# Task directions
Print the listing below only from the line that has "Выберите подходящий сценарий." through the line that has "Los usuarios interesados", exactly, and drop any picture.

# Data extracts
'''

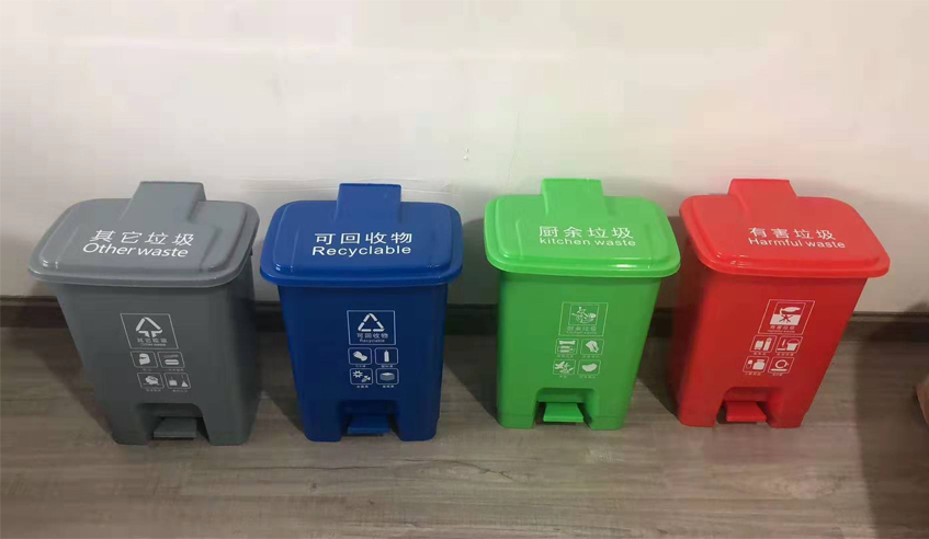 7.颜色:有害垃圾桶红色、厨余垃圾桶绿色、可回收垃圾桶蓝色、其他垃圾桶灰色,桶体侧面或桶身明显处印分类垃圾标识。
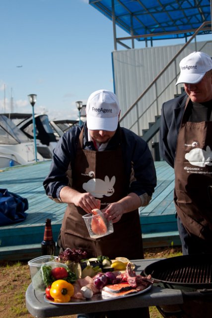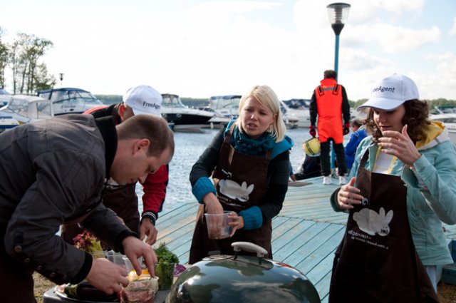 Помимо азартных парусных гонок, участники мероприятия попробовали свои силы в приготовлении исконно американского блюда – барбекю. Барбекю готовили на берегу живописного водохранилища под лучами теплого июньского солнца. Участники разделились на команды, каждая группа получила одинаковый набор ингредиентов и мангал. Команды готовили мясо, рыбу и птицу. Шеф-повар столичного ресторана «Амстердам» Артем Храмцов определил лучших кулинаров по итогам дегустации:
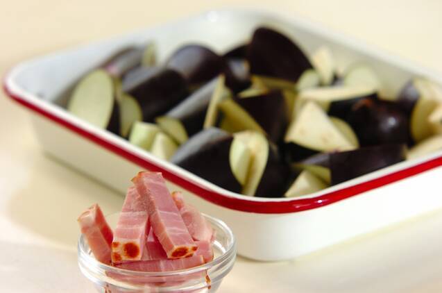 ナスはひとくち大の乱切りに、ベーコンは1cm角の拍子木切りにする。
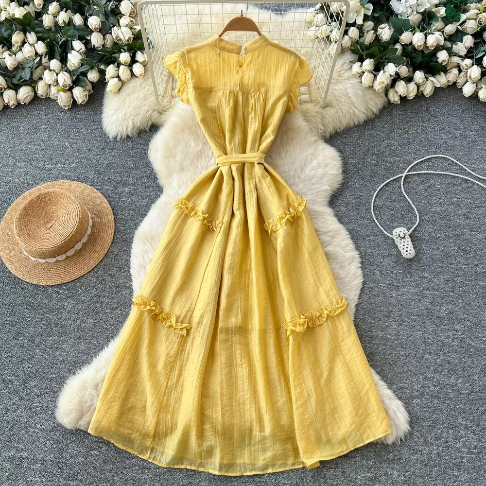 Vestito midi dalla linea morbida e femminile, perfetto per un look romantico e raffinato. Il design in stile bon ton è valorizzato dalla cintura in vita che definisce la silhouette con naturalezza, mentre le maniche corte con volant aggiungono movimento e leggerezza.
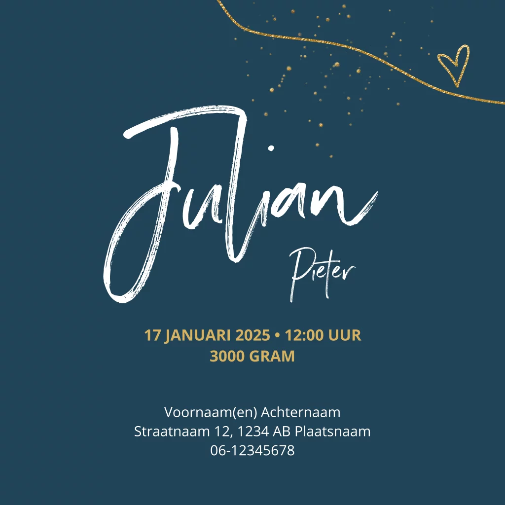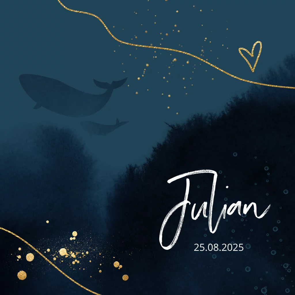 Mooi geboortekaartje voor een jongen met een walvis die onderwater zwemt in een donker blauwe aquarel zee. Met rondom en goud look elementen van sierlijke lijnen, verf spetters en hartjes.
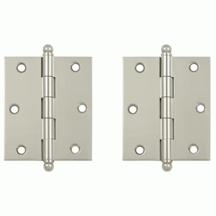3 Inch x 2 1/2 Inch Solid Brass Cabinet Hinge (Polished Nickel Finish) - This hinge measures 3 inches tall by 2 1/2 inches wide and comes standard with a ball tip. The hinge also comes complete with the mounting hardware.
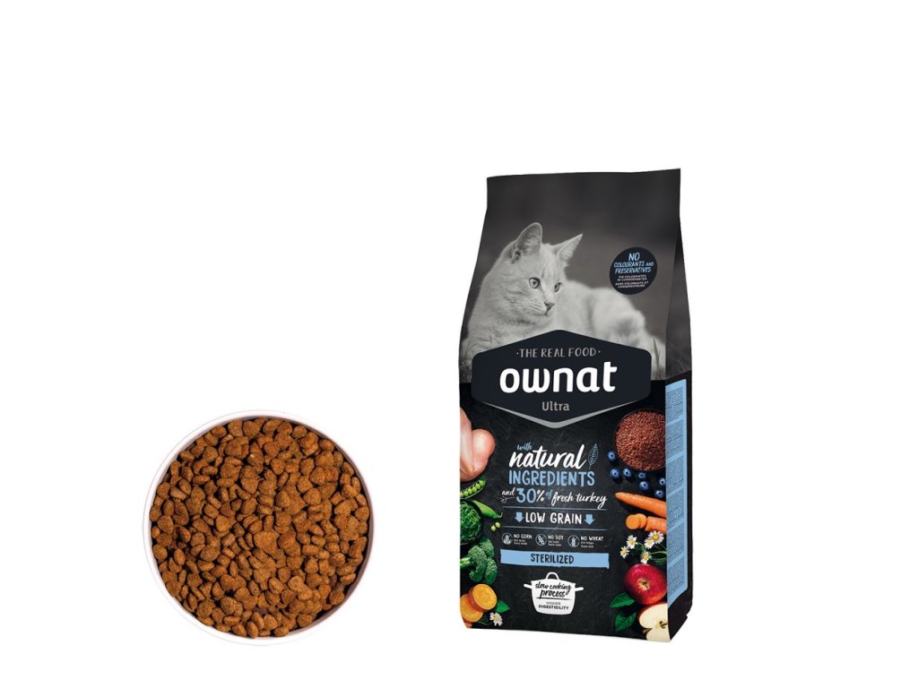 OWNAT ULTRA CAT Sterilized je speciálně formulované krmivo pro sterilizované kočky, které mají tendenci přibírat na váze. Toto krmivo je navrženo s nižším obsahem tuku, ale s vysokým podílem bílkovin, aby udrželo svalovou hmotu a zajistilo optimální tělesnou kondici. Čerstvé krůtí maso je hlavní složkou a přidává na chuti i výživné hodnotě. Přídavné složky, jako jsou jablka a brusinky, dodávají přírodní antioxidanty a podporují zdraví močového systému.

'''
'''

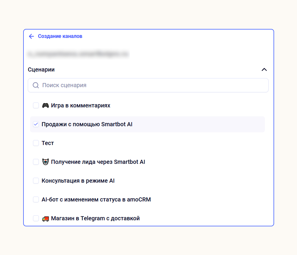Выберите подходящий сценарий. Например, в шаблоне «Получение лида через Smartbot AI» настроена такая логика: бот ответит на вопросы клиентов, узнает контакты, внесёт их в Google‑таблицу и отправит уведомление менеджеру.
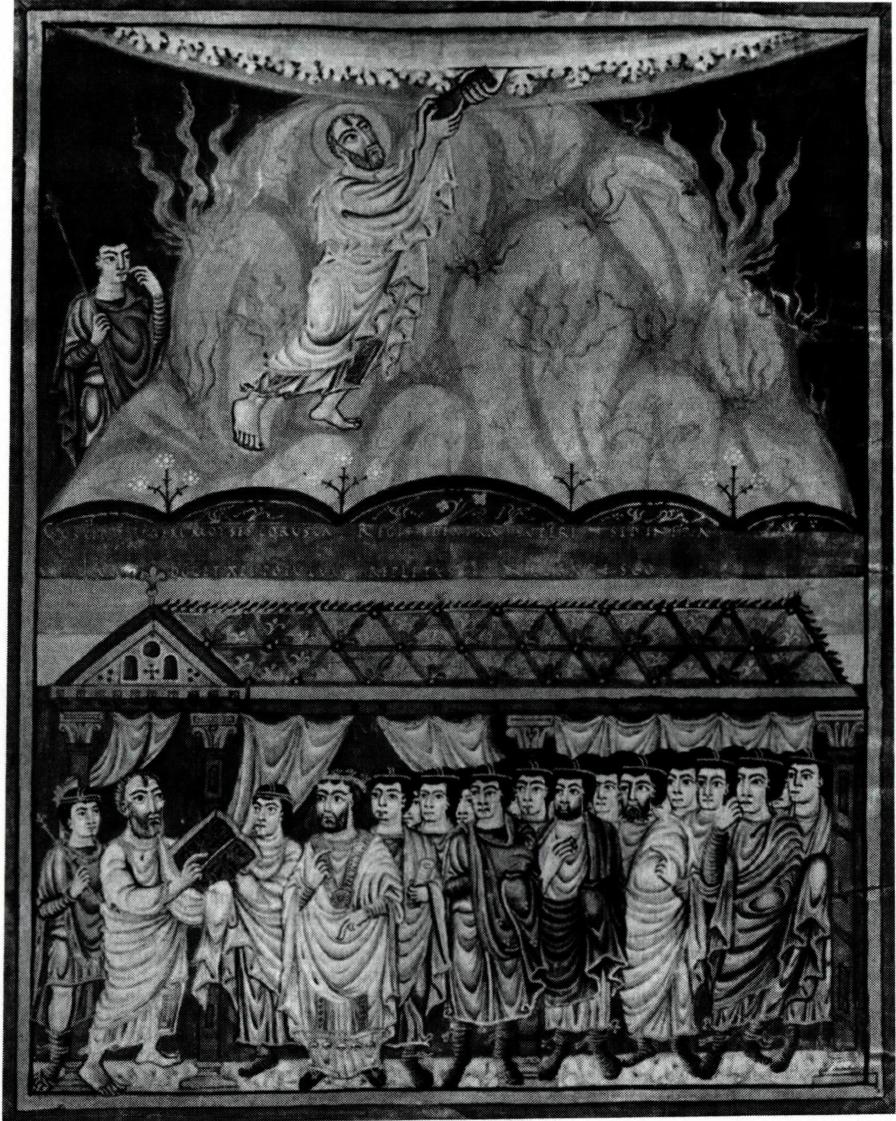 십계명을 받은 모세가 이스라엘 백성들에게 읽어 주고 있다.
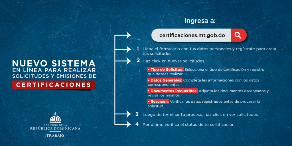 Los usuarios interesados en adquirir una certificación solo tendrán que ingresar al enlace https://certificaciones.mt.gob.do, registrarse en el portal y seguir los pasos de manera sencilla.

'''

# Written solution
Выберите подходящий сценарий. Например, в шаблоне «Получение лида через Smartbot AI» настроена такая логика: бот ответит на вопросы клиентов, узнает контакты, внесёт их в Google‑таблицу и отправит уведомление менеджеру.
 십계명을 받은 모세가 이스라엘 백성들에게 읽어 주고 있다.
 Los usuarios interesados en adquirir una certificación solo tendrán que ingresar al enlace https://certificaciones.mt.gob.do, registrarse en el portal y seguir los pasos de manera sencilla.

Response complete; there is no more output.